Half.com was an e-commerce website and a subsidiary of eBay in which sellers offered items for sale at fixed prices. The items available on half.com were limited to books, textbooks, music, movies, video games, and video game consoles.

Half provided a platform where sellers could choose what price to sell their item for. A seller was able to see the average and most recent sale prices for any particular item to determine the selling price desired. A potential buyer could see available inventory for an item and choose their desired seller. This was a different model from eBay, which has buyers bid against one another. The pre-order feature allowed buyers to set a price and quality rating of a particular item they would like to buy. Sellers saw the pre-order listed when they put an item up for sale and could sell it to the buyer if they agreed with the buyer's price.

There were no fees to list items on Half.com, but rather the company took a commission of every completed sale. The seller was responsible for shipping any item within three business days of a sale and paying the actual shipping costs. eBay shut down the service on September 1, 2017.

History
Half.com was founded in 1999 by American entrepreneur Josh Kopelman and Sunny Balijepalli. As an advertising gimmick, in December of the same year, the company paid the town of Halfway, Oregon US$100,000 and donated 20 new computers to change its name to "Half.com, Oregon" for a year.

eBay purchased Half.com in 2000 for roughly $350 million, integrating its user management system, buyer/seller feedback, and account information into eBay. Like its parent company, Half.com was not a retail site and had no physical stock or inventory.  Rather, the site offered a place for individual sellers to list their items and potential buyers a central location in which to view them, offering both a standardized transaction and money exchange process.  Unlike its parent, Half.com was not an auction site; sellers offered their wares at a bid price of their choosing.  Like Amazon.com, Half.com played a large role in the used textbook and CD markets. eBay planned to integrate Half.com into eBay and eventually close down Half.com. Many of the features that made listing media items such as CDs and DVDs quick and easy were integrated into eBay, but eBay kept Half.com running separately primarily for the textbook market.

Half.com began accepting PayPal in January 2013, ten and a half years after eBay acquired PayPal. Sellers were paid by pre-arranged deposits into a designated personal checking account.

On November 17, 2016, it was announced that Half.com commission rates would increase significantly, with lower-priced item rates going from 15% to 25%. The rates went into effect on December 16, 2016, with the initial notification to sellers being sent out less than a month prior and right in the midst of the holiday shopping season. The move was seen as an attempt by eBay to soon force the closure of Half.com.

On June 16, 2017, eBay notified Half.com members via email that Half.com would be closing on August 31, 2017. The site closed on September 1, 2017, but continued to process returns and refunds until October 31, 2017.

Operation
There were no fees to list items on Half.com. The company took a commission of every completed sale.

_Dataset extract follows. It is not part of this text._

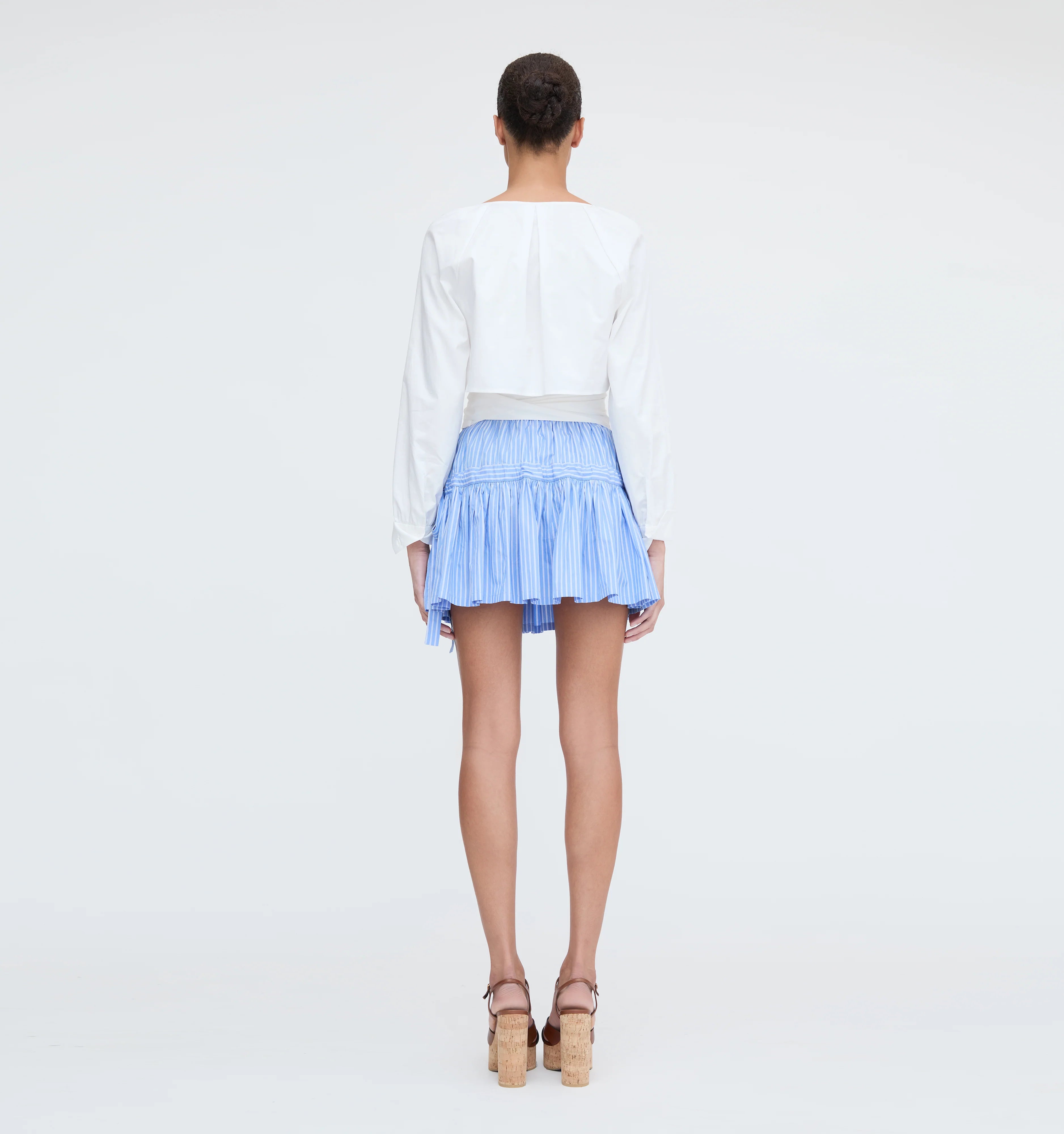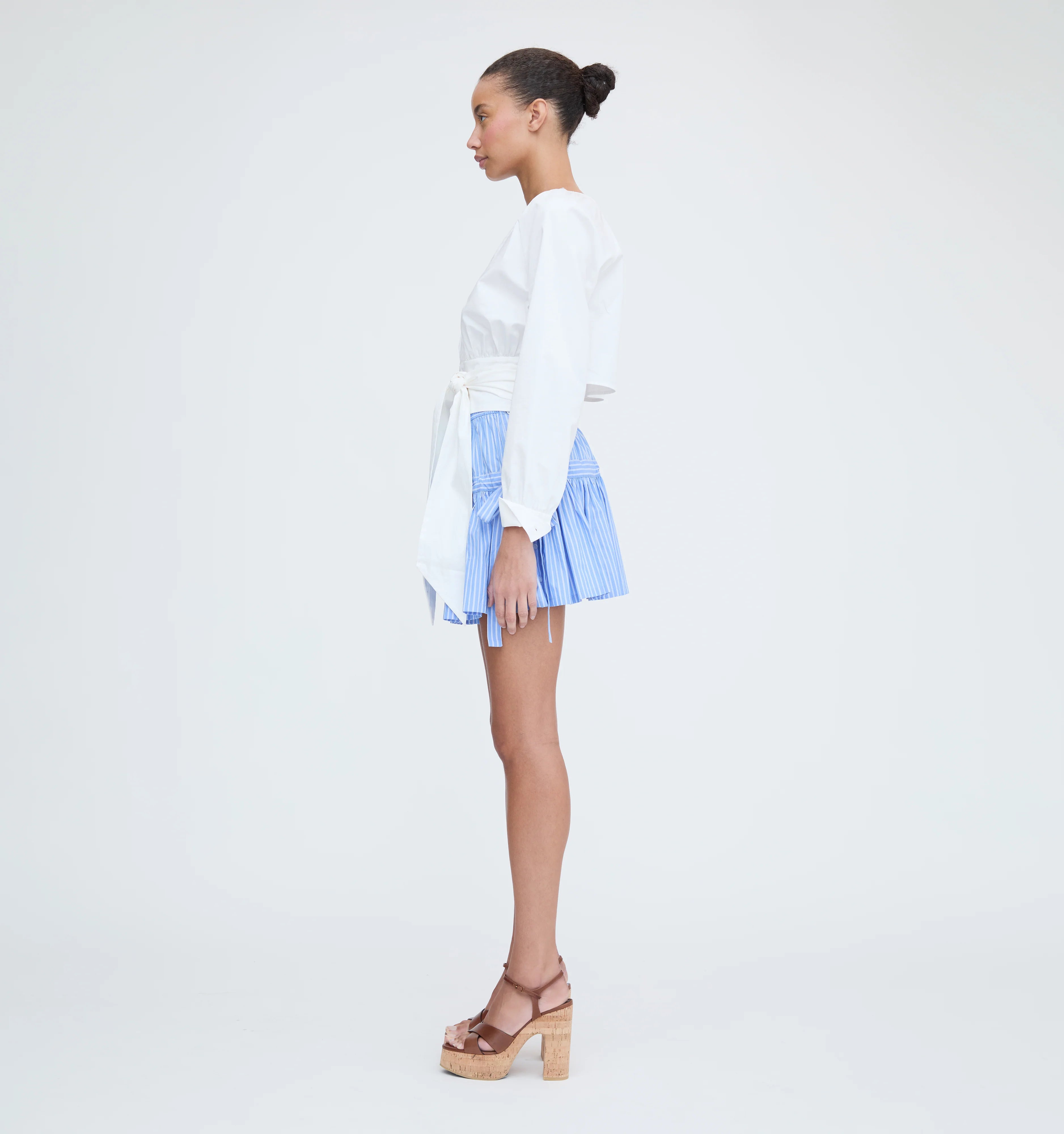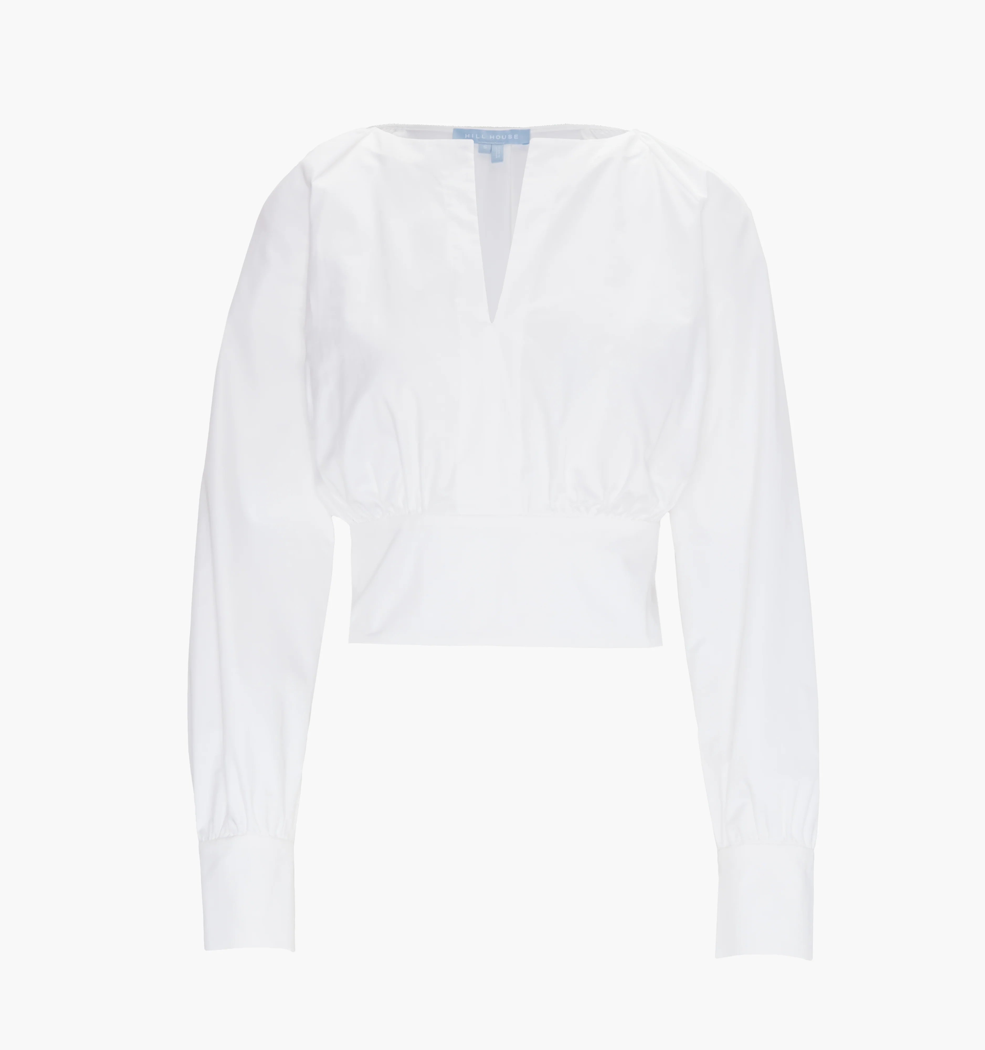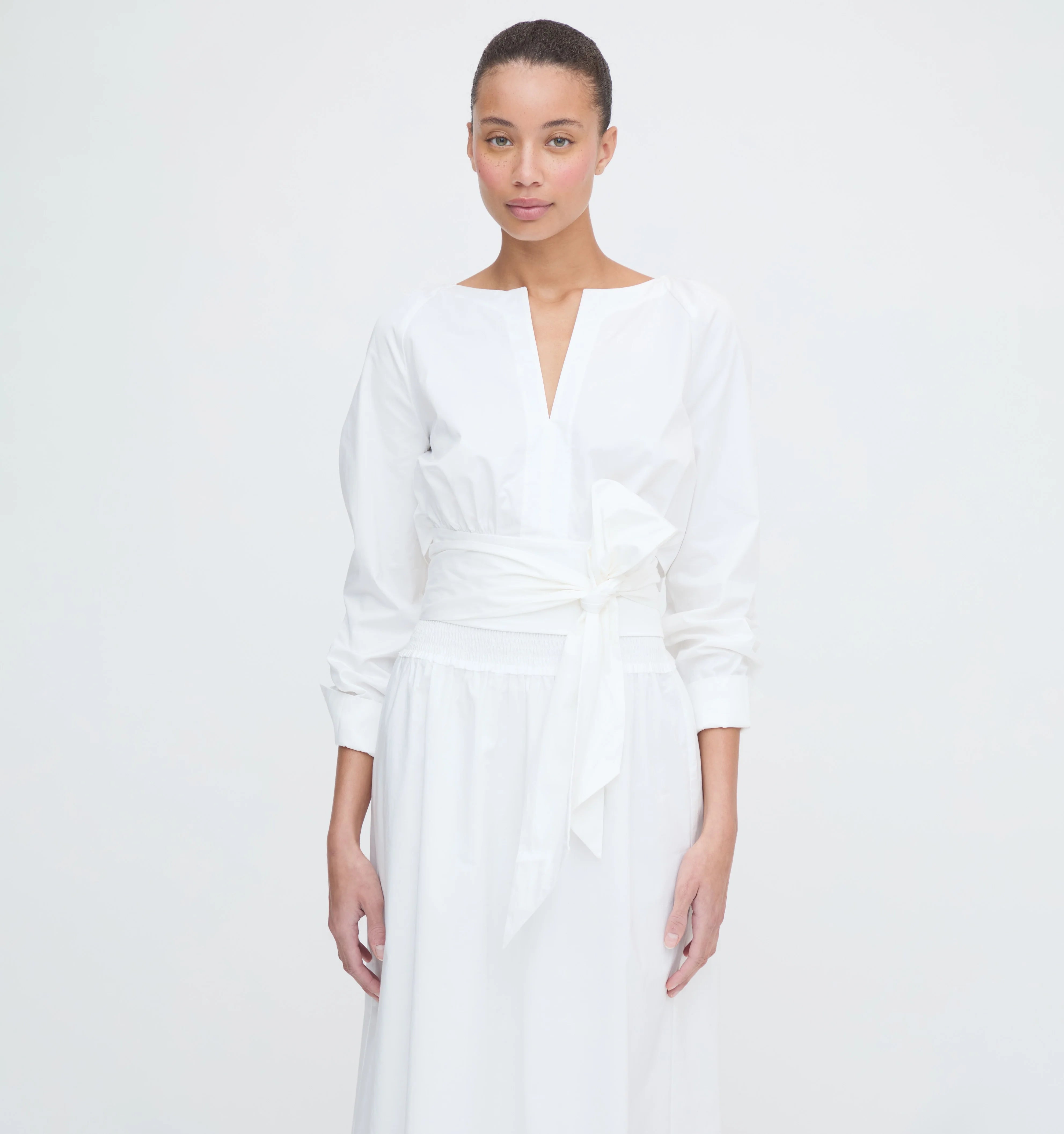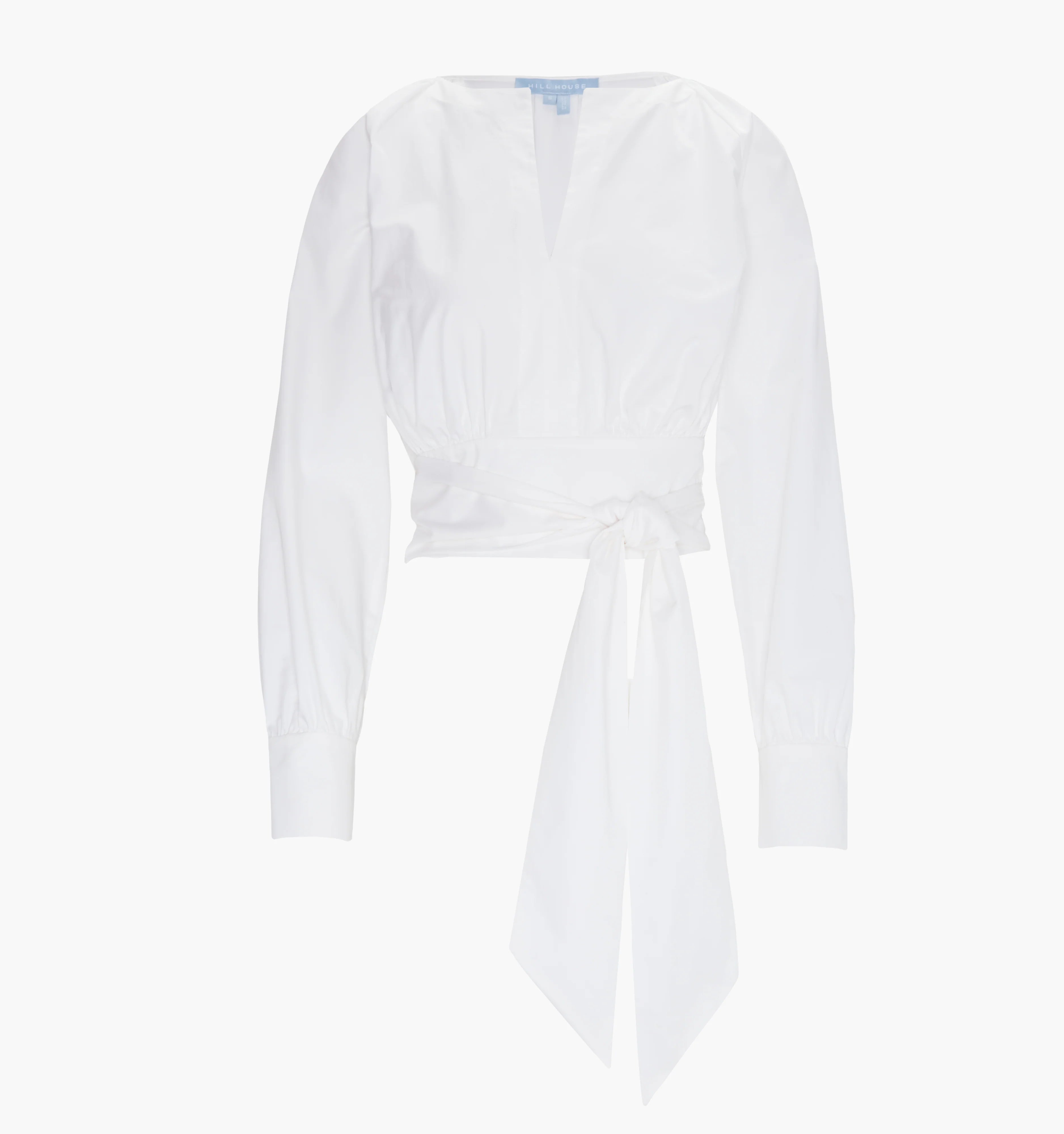 Meet the Giada Top. Crafted from crisp white cotton poplin, this top features a V-neckline, long sleeves with gathered cuffs and a flattering wrap waist that you may tie in the front or back for a cinched silhouette.

In January 2009, the commission was 15% if the fixed selling price was $50 or less, 12.5% if the price was more than $50 but less than $100.01, 10% if the price was more than $100 but less than $250.01, 7.5% if the price was more than $250 but less than $500.01, and 5% if the price was more than $500.

The seller was responsible for shipping any item within three business days of a sale and paying the actual shipping costs. A shipping and handling fee was added to the transaction and was (partially) credited to the seller as a reimbursement. The buyer could choose either USPS Media Mail or expedited delivery. Depending on the weight of the item, the reimbursement amount was often less than the actual shipping costs. For example, the shipping reimbursement for any DVD sent via USPS Media Mail was $2.39. If the reimbursement amount exceeded the actual shipping costs, many sellers offered a "free upgrade" to first class shippingwhich was not much more expensive than media mail for small items such as CDs.

The "quality rating" of an item (Brand New, Like New, Very Good, Good and Acceptable), was disclosed to buyers before order placement, along with a text description entered by the seller.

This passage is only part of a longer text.